Matt Canavan (top), Australia's resources minister, smiles as he stands behind Prime Minister Malcolm Turnbull, Governor General Peter Cosgrove, and other members of the ministry as they pose for an official photograph in Canberra on July 19, 2016.David Gray / Reuters

Australia’s resources minister resigned Tuesday from the Cabinet because of his dual citizenship, the third high-profile departure over the issue in recent weeks.

Matt Canavan said he had only learned of his citizenship of Italy recently when his mother, who, he said, had applied for Italian citizenship for him without his knowledge in January 2007, “raised the possibility.” Canavan was 25 at the time.

“I was not born in Italy, I have never been to Italy, and to my knowledge I have never set foot inside the Italian consulate or embassy,” Canavan told reporters.

His mother, Maria, is Australian-born, and hadn’t visited Italy, either, but had registered both herself and her son for overseas citizenship at the Italian consulate in Brisbane, the Australian Broadcasting Corporation reported.

Although many Australians have dual citizenship, the country’s constitution forbids elected lawmakers from being a citizen of a second country.

Canavan, 36, who is seen as a rising star in conservative circles, said he won’t resign his parliament seat.

“In the short time available I have not been able to obtain definitive legal advice as to whether my registration as an Italian citizen, without my knowledge or consent, was valid under Italian law,” he said. “I am seeking to obtain that advice presently.”

Attorney General George Brandis said preliminary legal advice suggests the constitution hadn’t been breached in Canavan’s case as the minister didn’t know about his dual citizenship. The matter, he said, will now go to the high court.

Canavan’s resignation from the Cabinet comes just two weeks after Larissa Waters, who was born in Canada, and Scott Ludlam, born in New Zealand, resigned over their dual nationalities. They too said they had no idea about their dual citizenships.

Still, Canavan’s resignation from the Cabinet is likely to be an embarrassment for Prime Minister Malcolm Turnbull’s government; the prime minister had called the Green senators’ claim that they didn’t know of their dual citizenships a “remarkable oversight.”

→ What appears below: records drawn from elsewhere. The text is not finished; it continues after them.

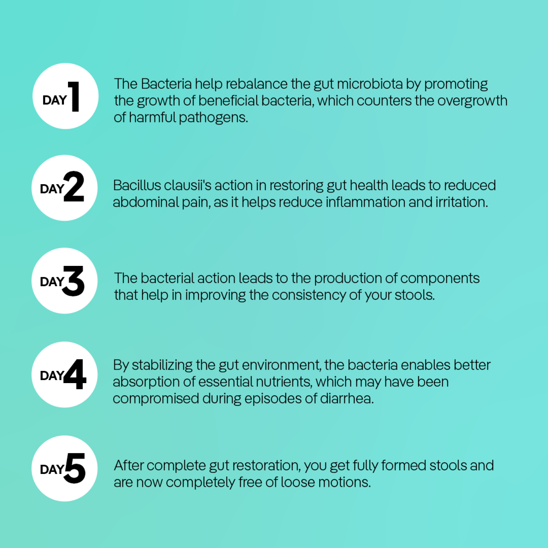 Bacillus clausii produces antimicrobial substances that act against pathogens and prevent them from replicating. Bacillus clausii multiplies exponentially promoting the regeneration of the intestinal flora, and stimulates the immune defense mechanisms directed against pathogenic bacteria. It helps restore the balance of disturbed intestinal flora and supports intestinal/gastrointestinal health. It also provides gentle relief from diarrhea and its associated symptoms, and maintains the normal balance of gut microflora.
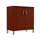Шкаф низкий с глухими малыми дверьми. Каркас выполнен из ЛДСП толщиной 25мм., кромка ПВХ т. 2мм.  Задняя стенка из ХДФ т.3,2мм. Внутренние полки из ЛДСП 18мм., кромка ПВХ т.0,8 мм. Верхняя и нижняя панель из ЛДСП т 25мм., кромка ПВХ т. 2 с фасадной стороны, кромка ПВХ т. 0,8 с трех сторон. Двери вкладные, из ЛДСП т. 18мм., кромка ПВХ т. 0,8мм. Ручка скоба, цвет алюминий.  Комплектуется замком.
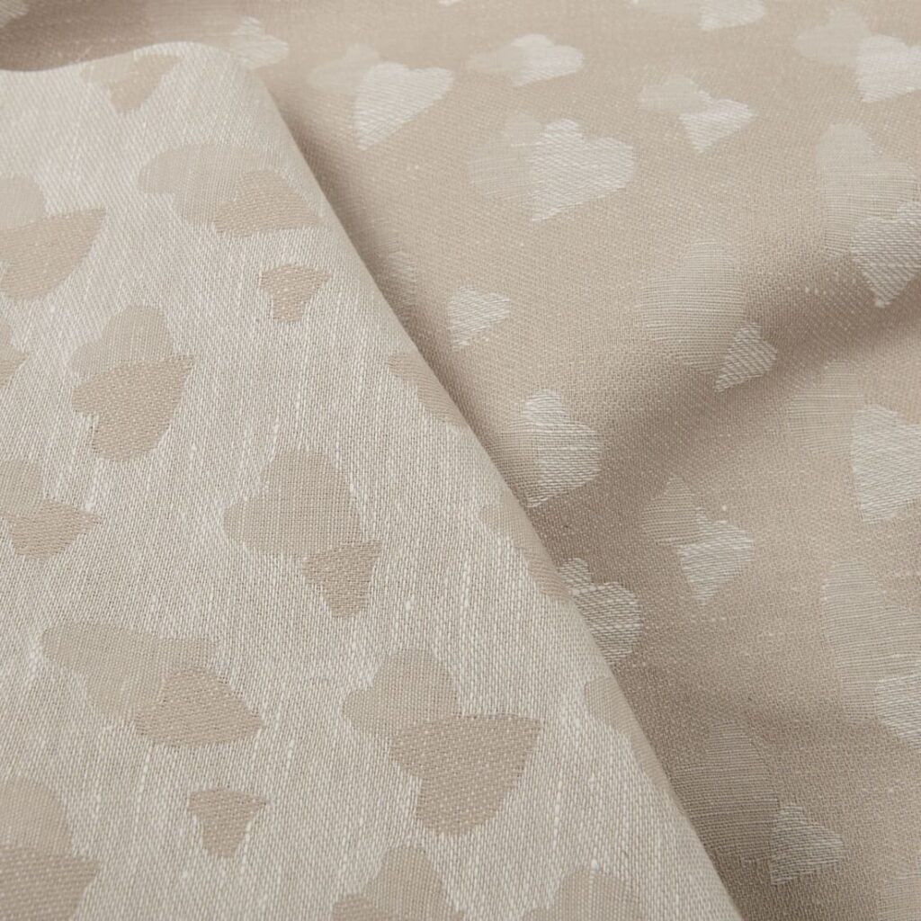 Svetlohnedá poloľanová látka s malými srdiečkami
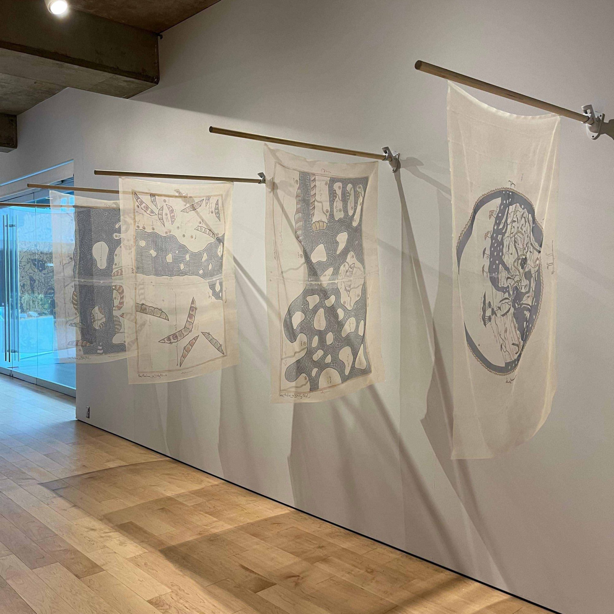 (in)habités. Ce corpus d’œuvres se concentre sur les processus et activités historiques et politiques qui ont formé notre soi-disant paysage contemporain. Il se compose de trois parties. L’œuvre principale est une installation composée de deux grandes peintures suspendues. Certaines parties de l’installation sont intentionnellement cachées ou moins accessibles aux visiteurs. J’ai également présenté des reproductions des cartes 12.c d’El Idrisi sous la forme de drapeaux. Sans ces cartes, il serait difficile d’imaginer le monde capitaliste colonial des siècles à venir. Les cartes et les pages du livre sont présentées comme deux exemples d’activités menées par l’Occident qui ont un impact majeur et à long terme sur le paysage sociopolitique et naturel. Peinture acrylique sur toile. Impression numérique sur plexiglas. Impression numérique sur tissu. 2022. Centre Auger. Québec. Québec, Canada. Photo de l’artiste : Avec l’aimable autorisation de l’artiste.
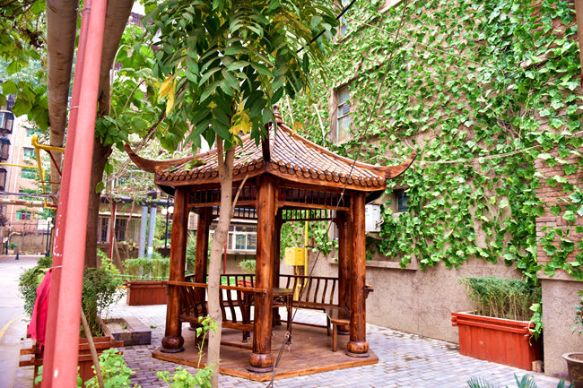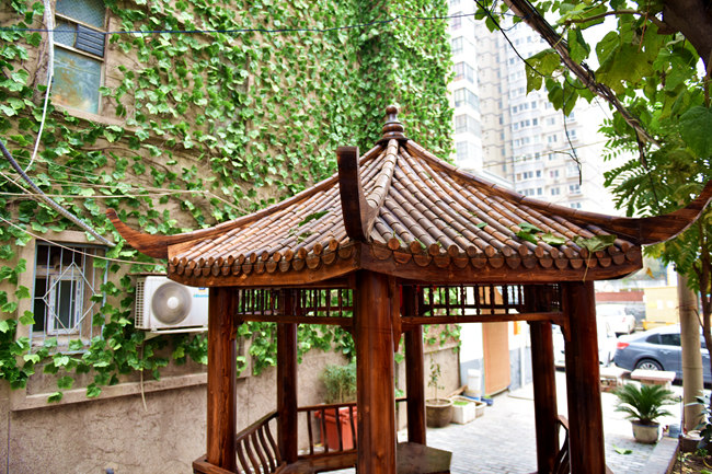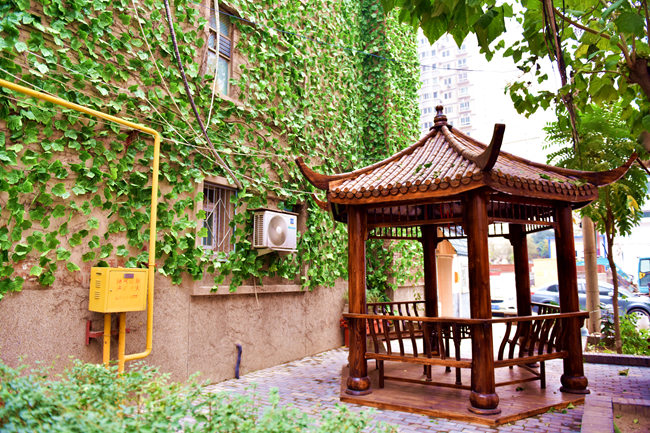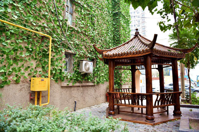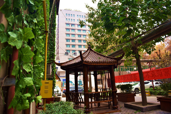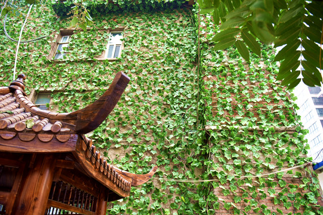持续多日的雾霾,让这个冬天显得有些压抑,然而素股邀月亭旁这一墙春色却让在这里休息的人们感到些许暖意。
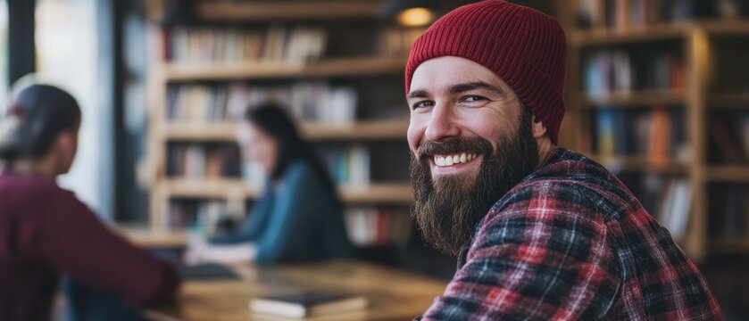 Man with beard and hat smiling in cozy coffee shop, enjoying leisure time while reading a book amidst friends engaged in conversation and study.
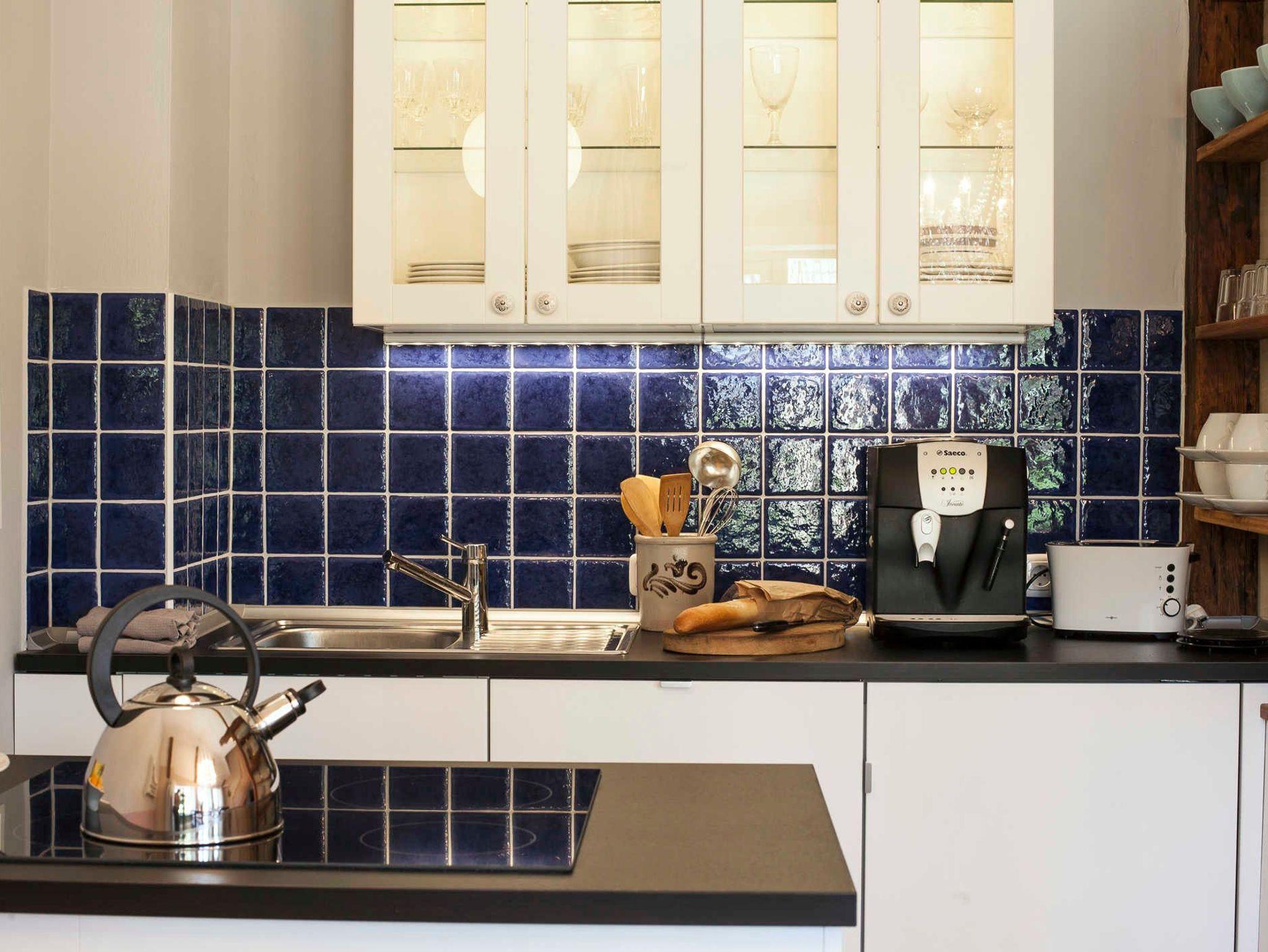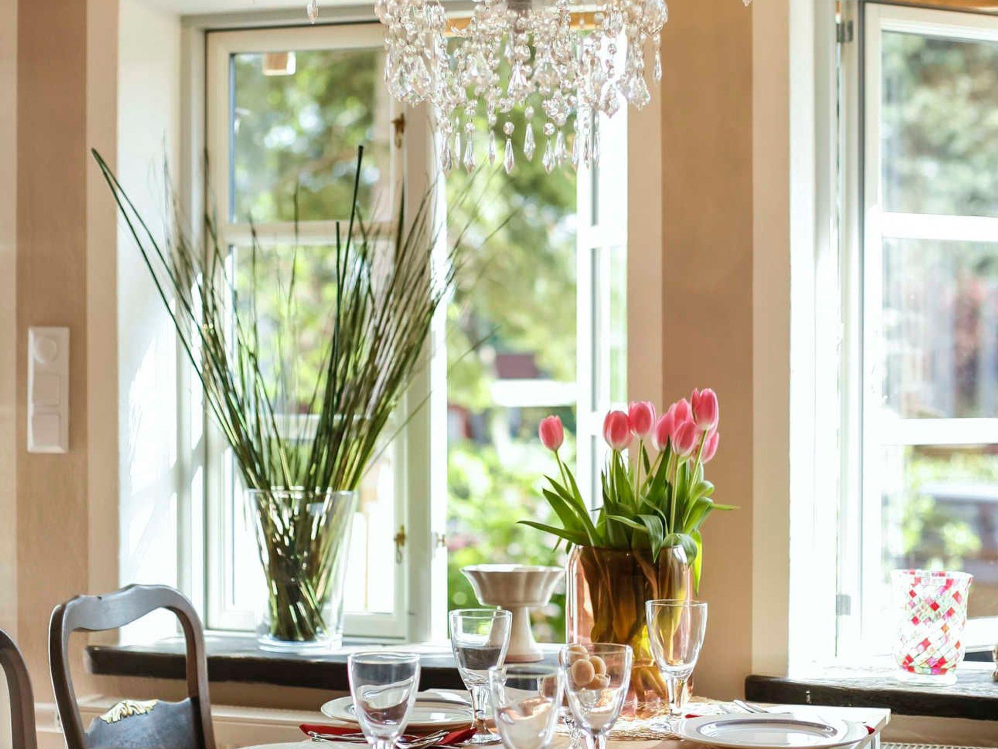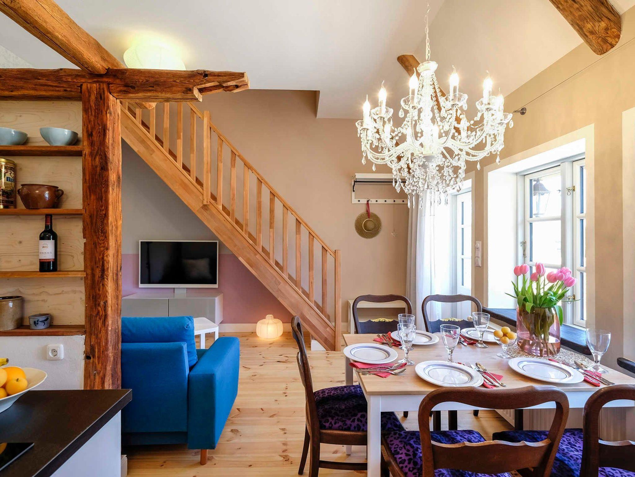 Der Parkplatz liegt unmittelbar vor der 35 m² großen umzäunten Terrasse die mit Holzmöbeln und Kissen ausgestattet ist. Die ca. 60 m² große Wohnung erstreckt sich über 3 Etagen. Im Erdgeschoß der Wohnung befindet sich der Wohnraum mit Küche und Esstisch. Der Wohnraum hat einen abgetrennten Bereich für ein gemütliches Sofa mit Blick auf den 48 Flachbildfernseher. Eine Musikanlage mit CD-Player und USB-Anschluss sorgen für Unterhaltung und gemütliche Entspannung. Die Hochglanzeinbauküche ist zweizeilig mit Kochinsel. Kühlschrank inkl. Gefrierfach, Spüle und Geschirrspüler befinden sich auf einer Seite und darüber erstrahlt die beleuchtete Vitrine mit Geschirr und Gläsern. Der Herd mit Cerankochfeld und Tastbedienung, einem Backofen sowie zwei Unterschränke mit Schubladen bilden die Kochinsel. Der Essbereich grenzt an die Kochinsel. Über dem Holztisch mit 5 antiken Stühlen thront ein wunderschöner Kronleuchter mit 12 Leuchten, der stufenlos gedimmt werden kann. In die 1. Etage führt eine Holztreppe in einen kleinen Flur von dem das Bad und das erste Schlafzimmer erreicht werden. Das Badezimmer mit nostalgischen grün-weißen Fliesen ist ausgestattet mit einer Badewanne und Regendusche, einem Waschtisch mit zwei Schubladen, einem großen Spiegel mit zwei zusätzlichen Leuchten und einem Handtuchheizkörper. Es liegt ein Föhn mit Diffuser bereit, ebenfalls pro Person ein Bade- und ein Handtuch. Das Schlafzimmer hier ist ausgestattet mit einem Doppelbett (160 x 200) und einer wundervoll dicken Matratze. Jede Bettseite hat einen Nachttisch mit einer Leselampe und davor einen flauschigen Teppich. Neben dem Kleiderschrank mit Innenbeleuchtung steht eine antike Kommode mit 3 Schubladen. Ein stilvoller Spiegel, eine nostalgische Glasschale und eine zusätzliche Tischlampe mit gedimmten Licht sorgen für Wohlfühlatmosphäre Die Betten sind mit toller Bettwäsche frisch bezogen. In die 2. Etage führt eine Holztreppe in einen kleinen Flur von dem die zwei weiteren Schlafräume abgehen. Das zweite Schlafzimmer ist ausgestattet mit zwei antiken Einzelbetten. Jedes Bett hat einen Nachttisch mit einer Leselampe und davor einen flauschigen Teppich. Zwei hohe Kleiderschränke in der Mitte mit Innenbeleuchtung bieten viel Stauraum. Dazwischen stehen zwei Kommoden mit 3 Schubladen mit einem XXL Spiegel darüber und einer dekorativen Tischlampe. Das dritte Schlafzimmer gleicht einer Puppenstube. Das antike Schwedenbett (90 x 190) sowie eine ebenfalls antike Kommode und ein antiker Kinderstuhl verströmen nostalgischen Charme. Zusätzlich ist es mit einem Nachtisch mit Leselampe und einem Kleiderschrank ausgestattet.

Nearly 30 percent of Australia’s 24 million people were born in other countries, raising the possibility of other similar cases involving lawmakers.  At least 23 Australian lawmakers—Senators and members of Parliament—were born overseas, though many of them have detailed the steps they have taken to renounce their other citizenships.  

The constitutionality of Canavan’s case could have implications for other lawmakers, as well.

George Williams, the dean and Anthony Mason professor of law at the University of New South Wales, told Guardian Australia the case was unprecedented. He said the facts of the case, as Canavan described them, suggested the senator had a “good argument.” The problem, though, is that the constitution also requires that reasonable steps be taken to renounce foreign citizenship without defining what is reasonable.

“It’s never been decided,” Williams told Guardian Australia, “so this will be a significant high court case.”